■ EXERCISE PROMPT ■
Everything in the records below from the line containing "60 /桶或$ 120" through the line containing "男性向けラノベタイトル風あだ名 | 『かみおいつき~年齢イコール彼女いない歴の魔法使い~』 |" is to be reproduced exactly, those two lines included; no picture is to be copied.

■ DATA EXCERPTS ■
+++++

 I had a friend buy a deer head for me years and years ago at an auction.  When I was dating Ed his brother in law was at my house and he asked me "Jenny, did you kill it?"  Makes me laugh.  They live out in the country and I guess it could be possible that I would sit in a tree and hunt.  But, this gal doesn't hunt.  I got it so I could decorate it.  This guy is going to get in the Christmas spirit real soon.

+++++

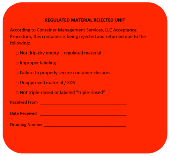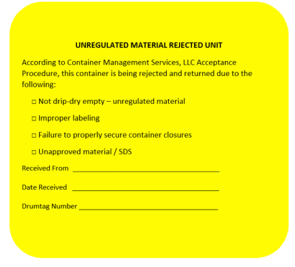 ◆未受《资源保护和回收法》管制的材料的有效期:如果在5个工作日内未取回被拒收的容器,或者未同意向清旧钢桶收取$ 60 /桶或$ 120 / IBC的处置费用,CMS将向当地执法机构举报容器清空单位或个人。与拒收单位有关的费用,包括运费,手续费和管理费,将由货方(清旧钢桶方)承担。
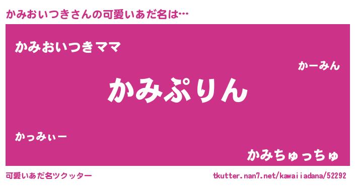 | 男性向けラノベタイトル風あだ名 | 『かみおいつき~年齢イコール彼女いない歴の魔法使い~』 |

+++++

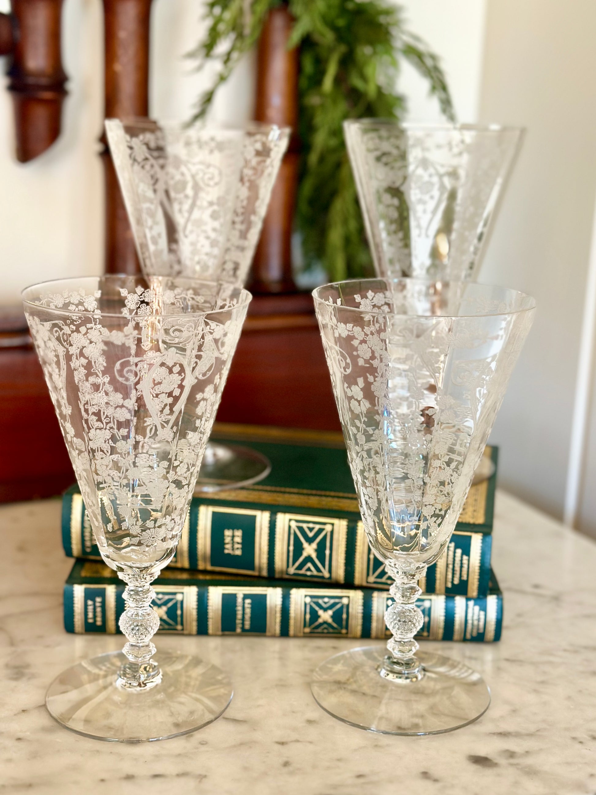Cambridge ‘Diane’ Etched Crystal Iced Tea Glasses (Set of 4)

+++++

■ OUTPUT ■
 ◆未受《资源保护和回收法》管制的材料的有效期:如果在5个工作日内未取回被拒收的容器,或者未同意向清旧钢桶收取$ 60 /桶或$ 120 / IBC的处置费用,CMS将向当地执法机构举报容器清空单位或个人。与拒收单位有关的费用,包括运费,手续费和管理费,将由货方(清旧钢桶方)承担。
 | 男性向けラノベタイトル風あだ名 | 『かみおいつき~年齢イコール彼女いない歴の魔法使い~』 |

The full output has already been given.